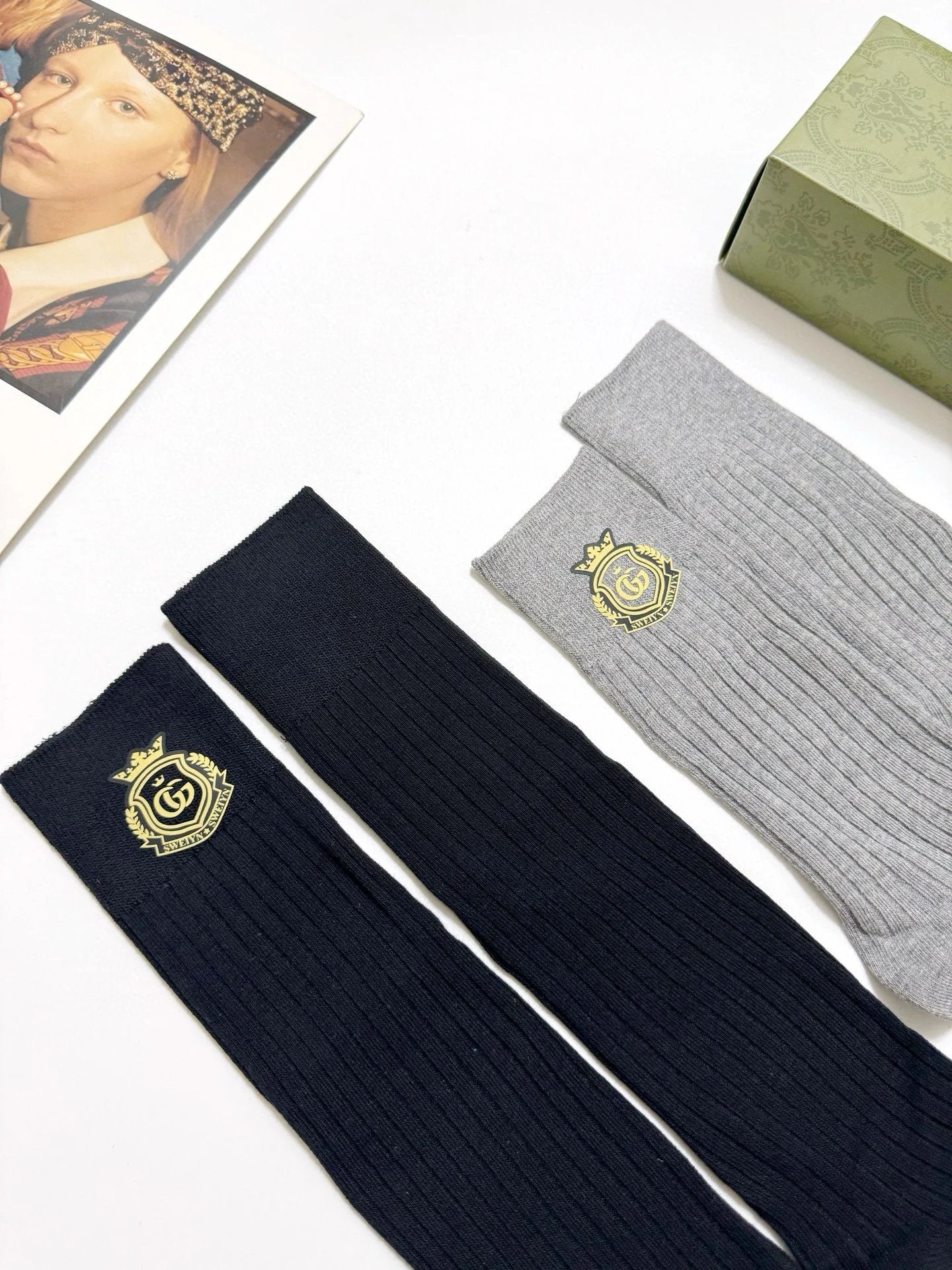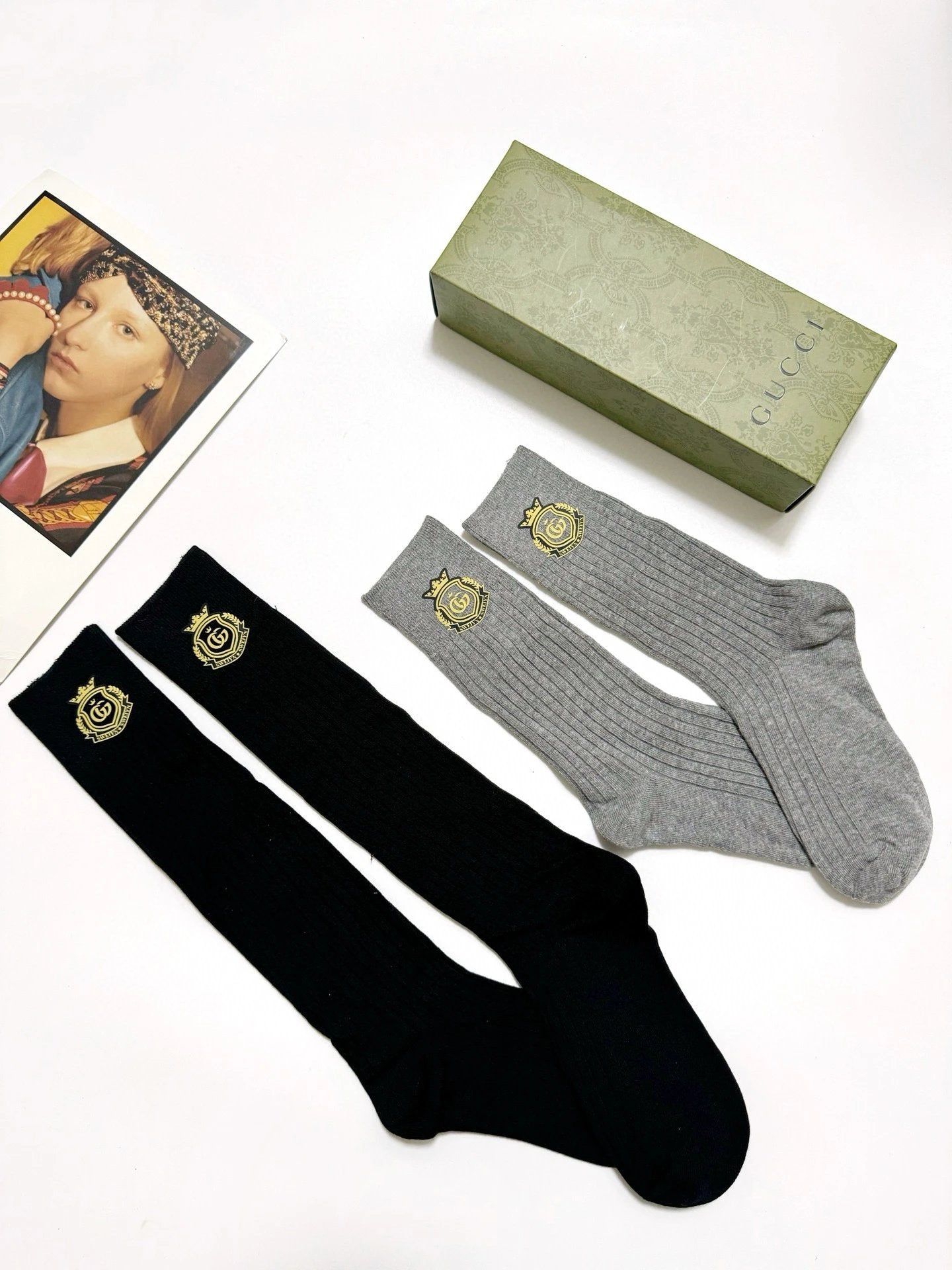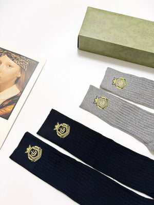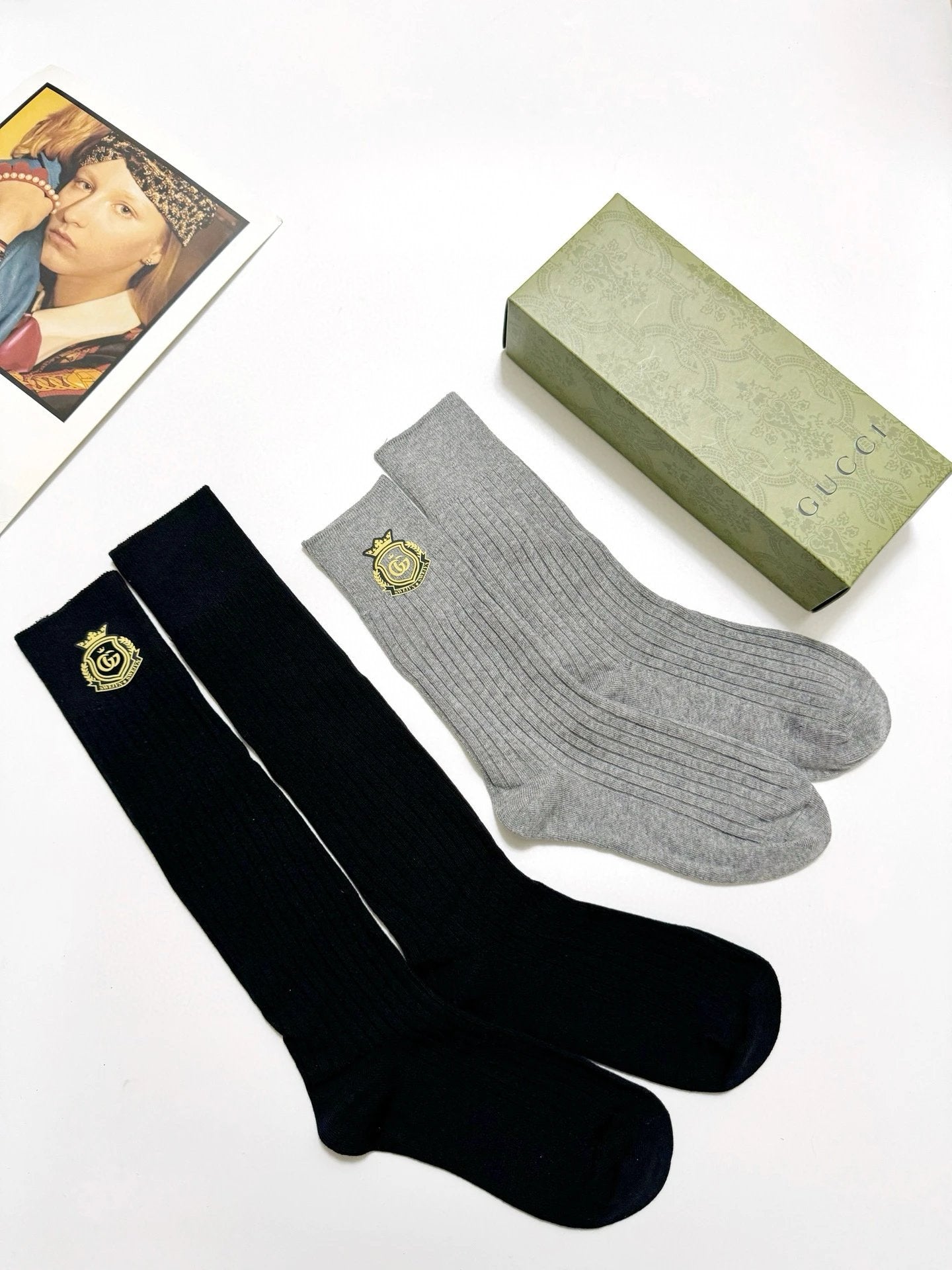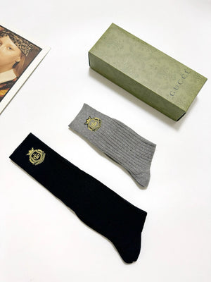 【2 Pairs in One Box】Top Version Guc Gucci Classic Letter Logo Pure Cotton G Home Mid-Calf and Long Socks Breathable Fashion 25ss New Cotton Socks Spring Summer Autumn Thin Business Sports Casual Versatile Deodorant Sweat-Absorbing
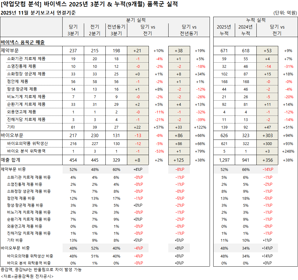 바이넥스는 2025년 11월 분기보고서(연결 기준)에서 누적 매출 1297억원을 기록해 전년 동기 대비 38% 증가했다고 밝혔다. 제약부문 매출은 648억원으로 5% 늘었고, 바이오부문 매출은 648억원으로 전년 대비 101% 급증했다. 이에 따라 매출 비중은 제약부문 50%, 바이오부문 50%로 재편됐다.
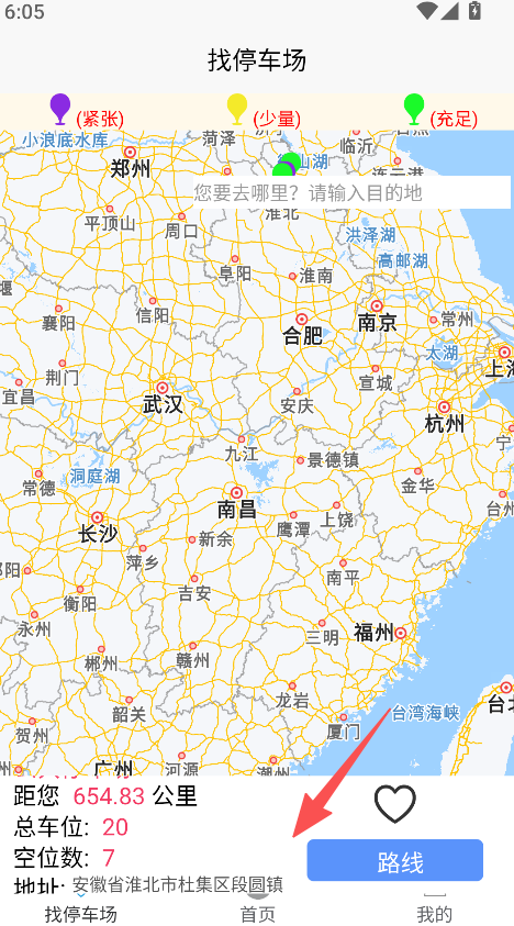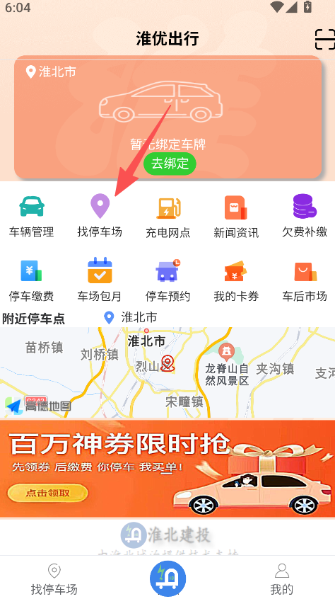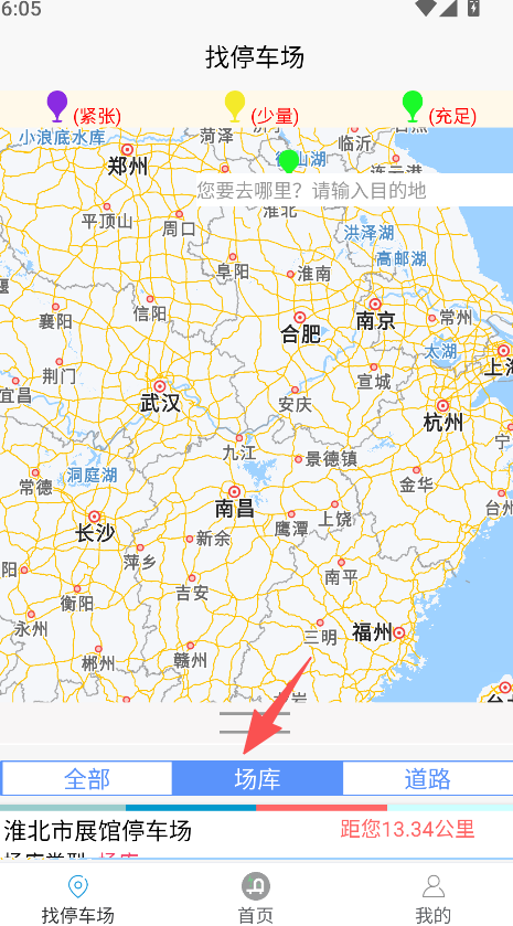 1、提供找停车场功能,进入对应页面,切换场库道路类型查找淮北本地的目标停车场。

- Task: Pictures must be left out. Return verbatim only the lines from the line with "바이넥스는 2025년 11월" through the final line of the material above, including both ends.

- Response area:
 바이넥스는 2025년 11월 분기보고서(연결 기준)에서 누적 매출 1297억원을 기록해 전년 동기 대비 38% 증가했다고 밝혔다. 제약부문 매출은 648억원으로 5% 늘었고, 바이오부문 매출은 648억원으로 전년 대비 101% 급증했다. 이에 따라 매출 비중은 제약부문 50%, 바이오부문 50%로 재편됐다.
 1、提供找停车场功能,进入对应页面,切换场库道路类型查找淮北本地的目标停车场。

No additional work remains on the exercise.